The survival data analysis of the most significant gene set (for MYC target genes) is shown in Fig. 3A. Figure 3B shows gene set mutation scores (the value from the GSVA analysis) in MYC target genes as a function of TTTC. We also found that some genes in the Wnt-pathway (CTNNB1, APC, AXIN2), AKT1 pathways (AKT1, BRAF, PTEN), and PI3K_AKT_MTOR signaling gene sets have a higher mutation rate in nonresponders in the posttreatment samples (84% of these mutations are judged pathogenic by VEST (Supplementary Table S10).

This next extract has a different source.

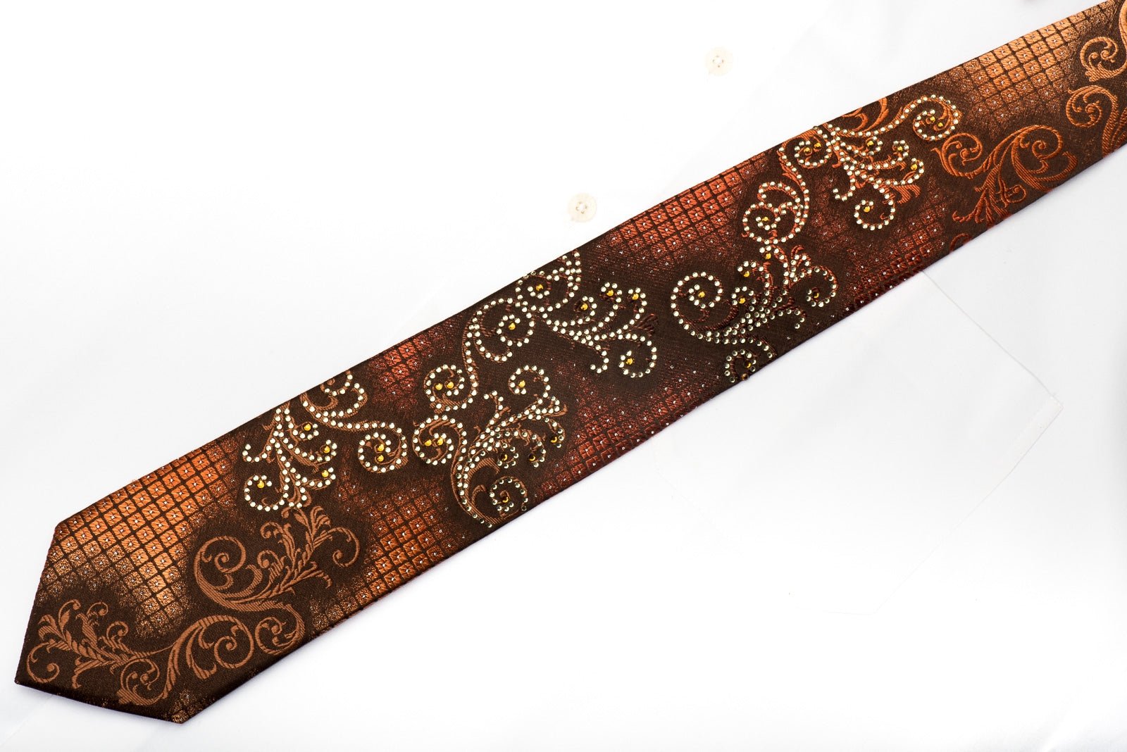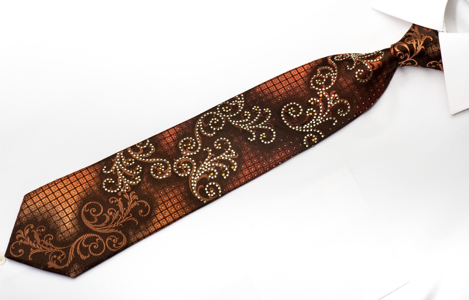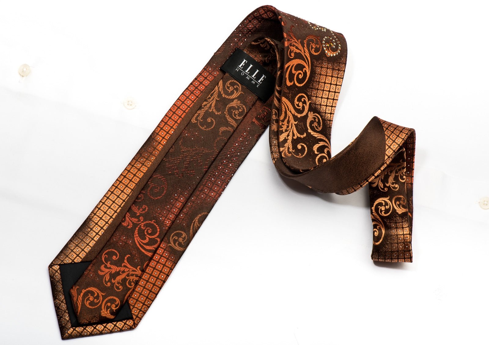 Elle Homme Men's Rhinestone Silk Tie Orange Scrolls On Brown With Silver Sparkles - San-Dee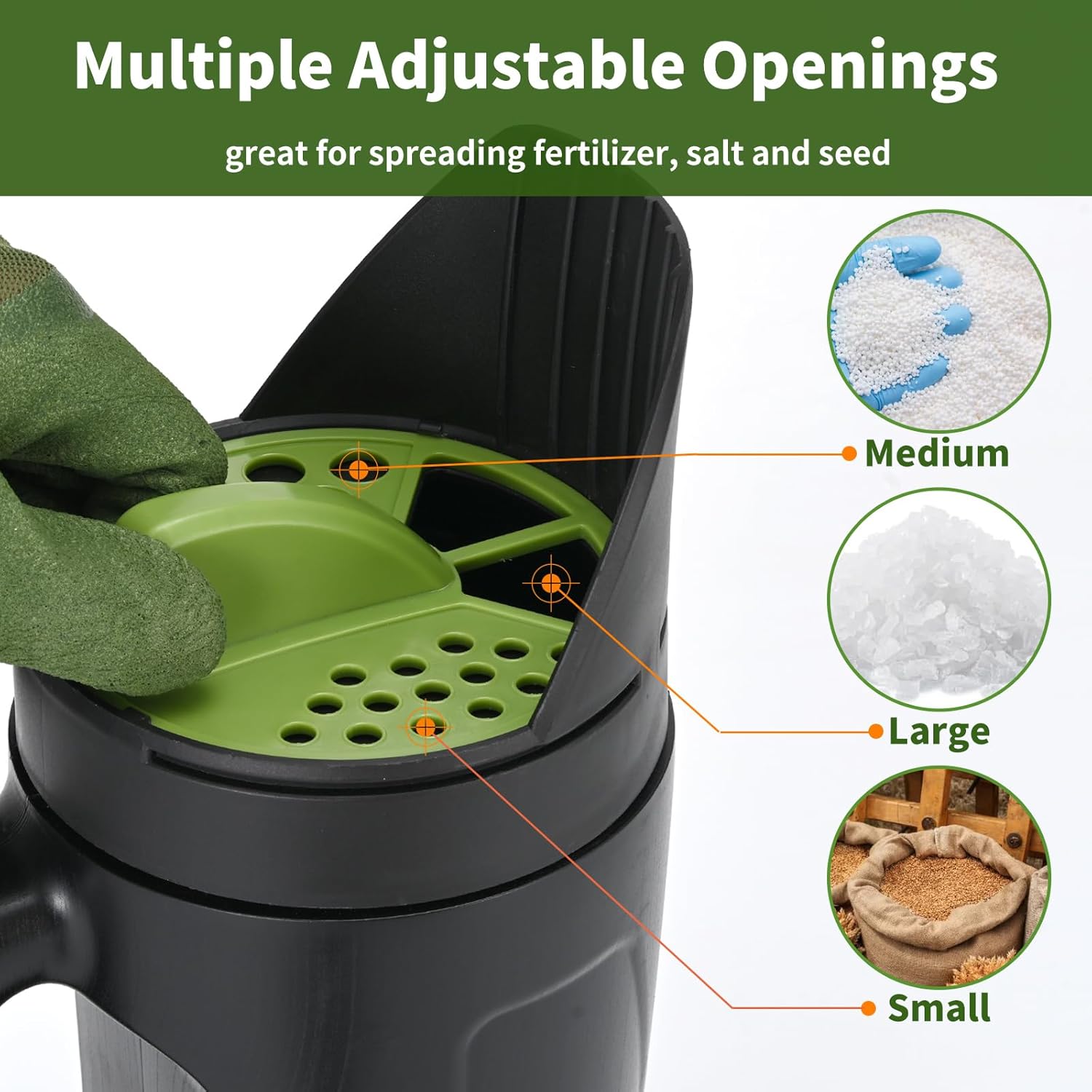 • Efficient Use : No more over spray and waste. The front of the lid helps distribute the granules more slowly and evenly. The salt and seed shaker features a large capacity of 80oz. Just Twist open the lid, fill the hand spreader, screw back the lid and get your job done without struggling to refill it time and again.

For Wnt, mutations of these genes are associated with constitutive activation of the Wnt-signaling pathway (19).
Somatic mutations changes from V1 to V2 associated with response
We also analyzed genesets with changes from V1 to V2 associated with response (Supplementary Table S11), and found 10 genesets showing an somatic changes associated with TTTC. One of those gene set was significant in a nonresponder only subset analysis (Supplementary Table S12). This geneset associated with a PDCD1 signature had many more mutations at V2 in nonresponders with additional mutations gained in MAP3K8, MAP4, TOR2A, among others.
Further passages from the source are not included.